> **Work instructions**
Below is a listing with pictures. Repeat exactly the lines starting at the one holding "Sweatshirt Top In" and going on through the one holding "Bohemian Geometric Print", and leave every picture out.

> **Extracted material**
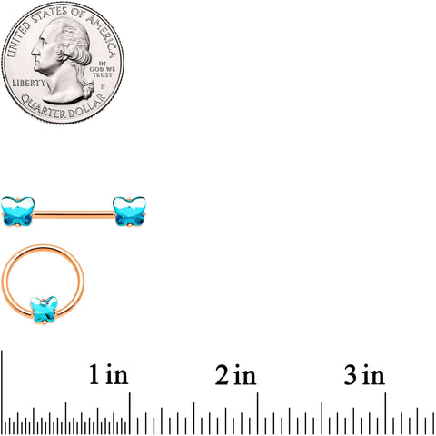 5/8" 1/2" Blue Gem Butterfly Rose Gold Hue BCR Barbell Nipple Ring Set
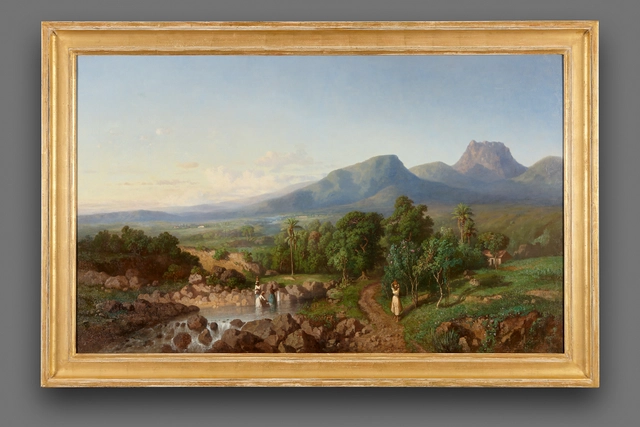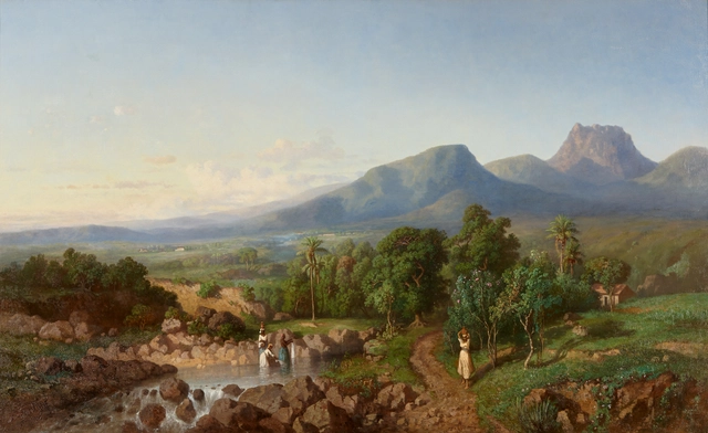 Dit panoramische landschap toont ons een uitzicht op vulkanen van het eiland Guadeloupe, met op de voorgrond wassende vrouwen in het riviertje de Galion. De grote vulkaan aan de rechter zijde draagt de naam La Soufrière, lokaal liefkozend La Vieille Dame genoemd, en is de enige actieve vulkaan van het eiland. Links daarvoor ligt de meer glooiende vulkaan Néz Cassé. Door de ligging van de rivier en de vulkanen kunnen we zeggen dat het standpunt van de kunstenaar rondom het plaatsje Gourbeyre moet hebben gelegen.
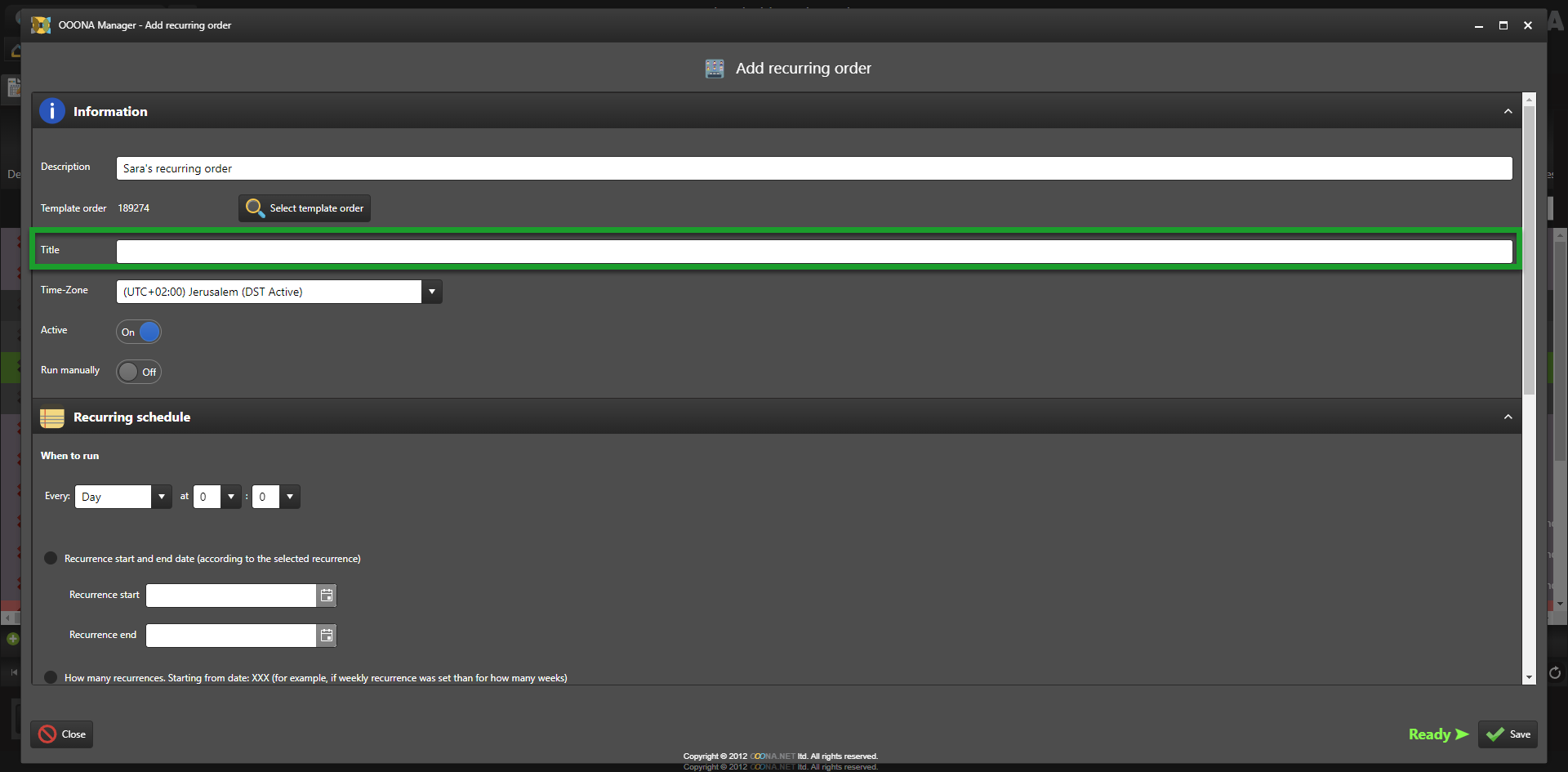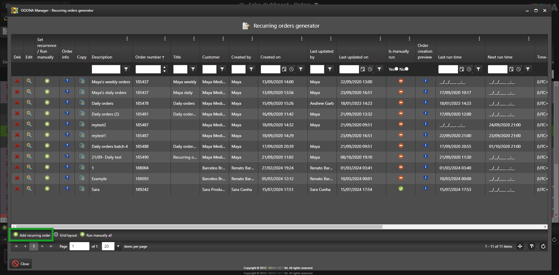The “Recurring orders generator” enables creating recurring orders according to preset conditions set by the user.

...

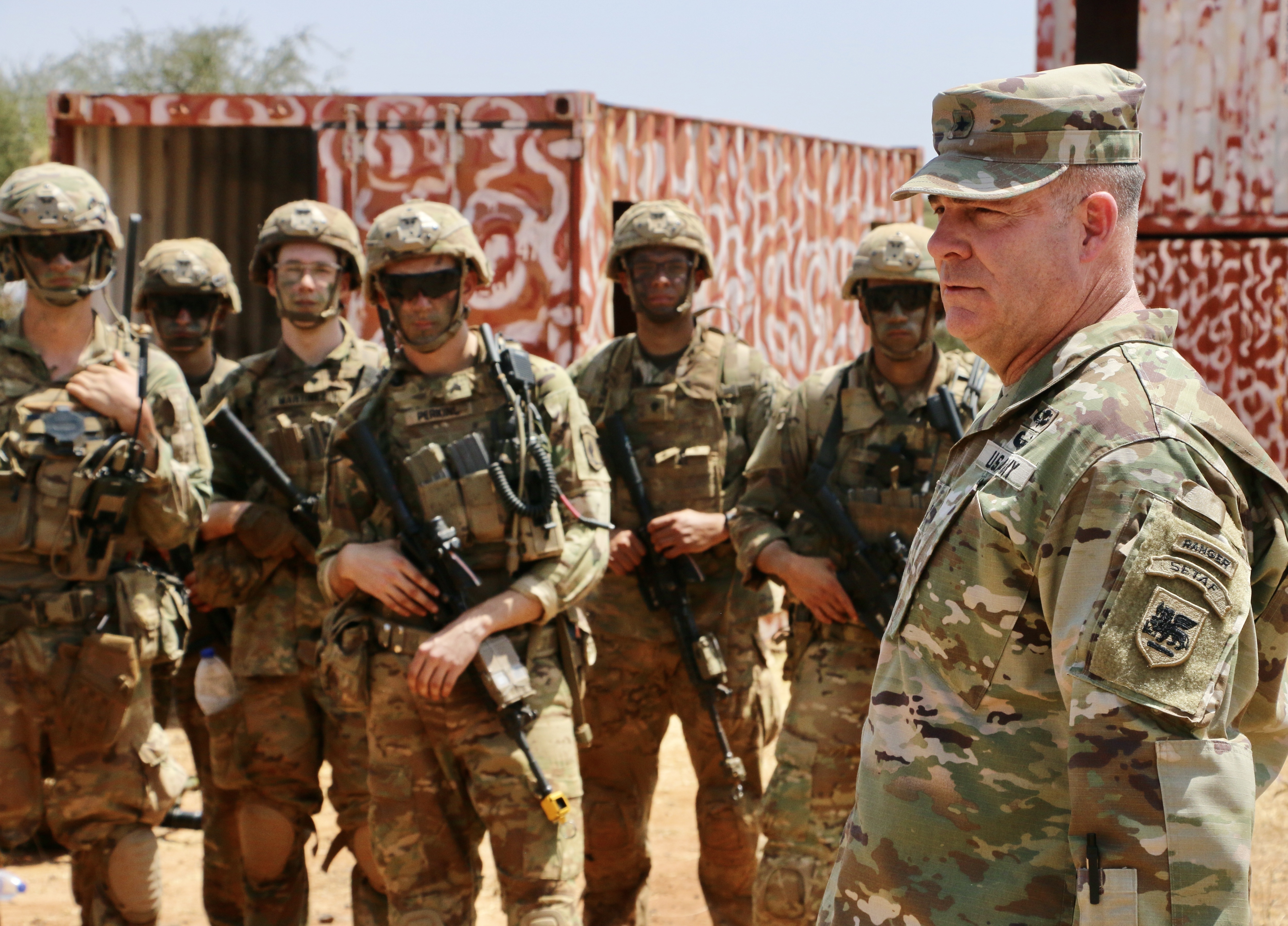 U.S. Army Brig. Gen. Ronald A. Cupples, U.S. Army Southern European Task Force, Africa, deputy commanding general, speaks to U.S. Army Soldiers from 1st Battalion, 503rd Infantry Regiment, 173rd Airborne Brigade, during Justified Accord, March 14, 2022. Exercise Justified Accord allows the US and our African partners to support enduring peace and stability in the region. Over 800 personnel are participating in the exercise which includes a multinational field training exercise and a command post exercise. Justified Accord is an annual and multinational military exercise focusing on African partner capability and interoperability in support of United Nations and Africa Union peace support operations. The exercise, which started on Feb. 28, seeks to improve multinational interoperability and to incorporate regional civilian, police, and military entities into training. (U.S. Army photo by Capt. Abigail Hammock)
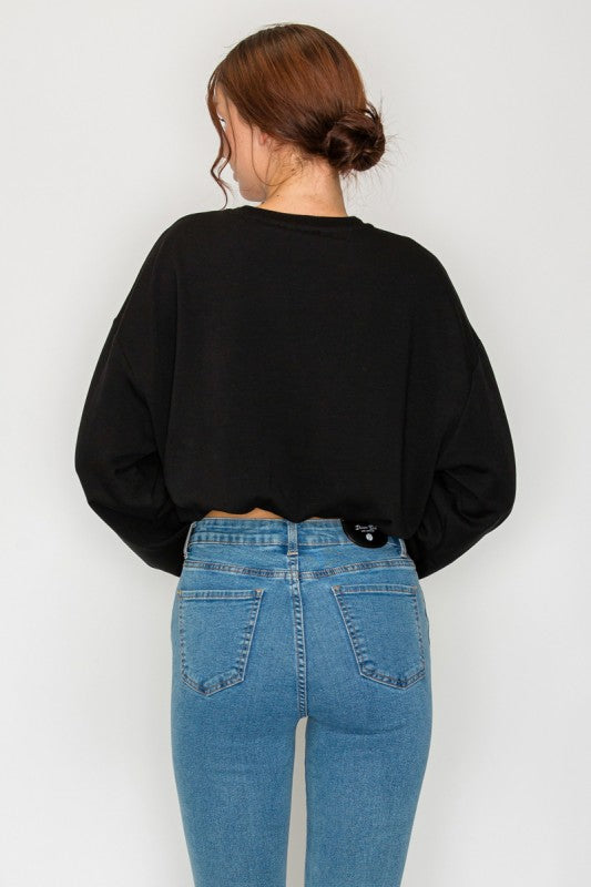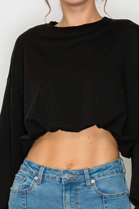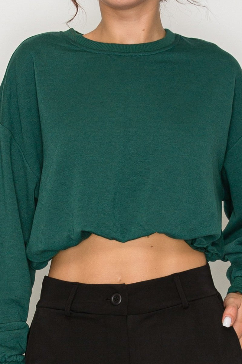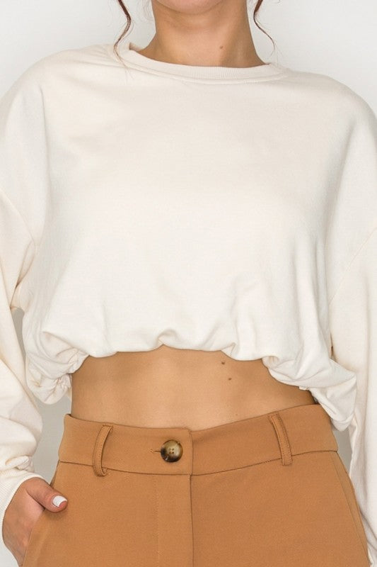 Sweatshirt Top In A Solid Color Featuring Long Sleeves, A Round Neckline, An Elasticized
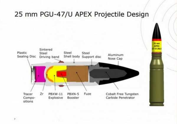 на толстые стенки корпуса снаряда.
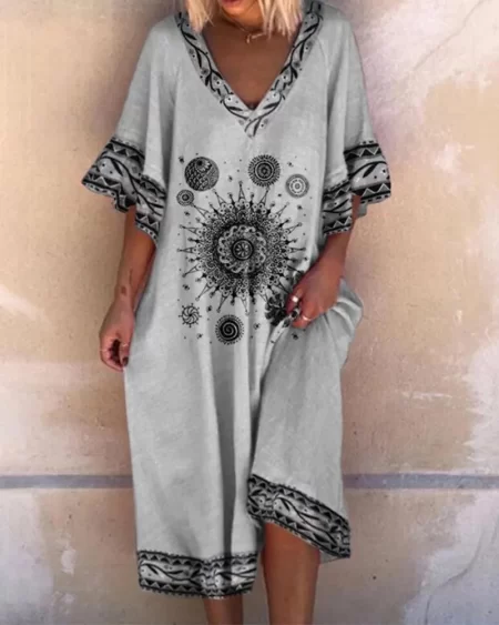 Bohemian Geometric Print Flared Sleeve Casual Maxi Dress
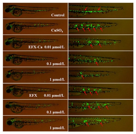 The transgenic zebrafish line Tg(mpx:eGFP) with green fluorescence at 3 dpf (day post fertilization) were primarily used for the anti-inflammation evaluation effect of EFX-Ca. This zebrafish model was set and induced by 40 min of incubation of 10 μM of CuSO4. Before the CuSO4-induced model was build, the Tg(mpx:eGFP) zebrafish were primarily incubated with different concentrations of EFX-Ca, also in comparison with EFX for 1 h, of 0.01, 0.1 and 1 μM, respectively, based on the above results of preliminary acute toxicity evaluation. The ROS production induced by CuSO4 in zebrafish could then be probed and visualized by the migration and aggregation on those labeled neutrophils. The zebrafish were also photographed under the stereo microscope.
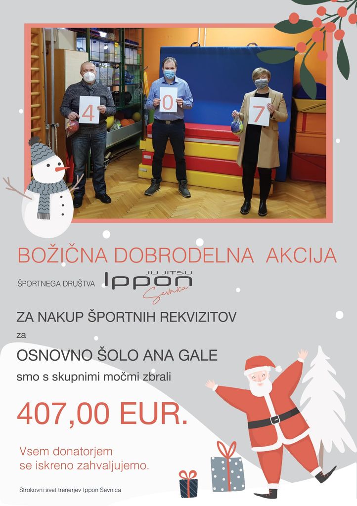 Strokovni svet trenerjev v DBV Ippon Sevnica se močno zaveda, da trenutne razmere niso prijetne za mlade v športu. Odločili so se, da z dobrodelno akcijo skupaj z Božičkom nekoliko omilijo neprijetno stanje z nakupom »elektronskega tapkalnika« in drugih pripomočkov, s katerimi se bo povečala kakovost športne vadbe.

> **Solution for this task**
 Sweatshirt Top In A Solid Color Featuring Long Sleeves, A Round Neckline, An Elasticized
 на толстые стенки корпуса снаряда.
 Bohemian Geometric Print Flared Sleeve Casual Maxi Dress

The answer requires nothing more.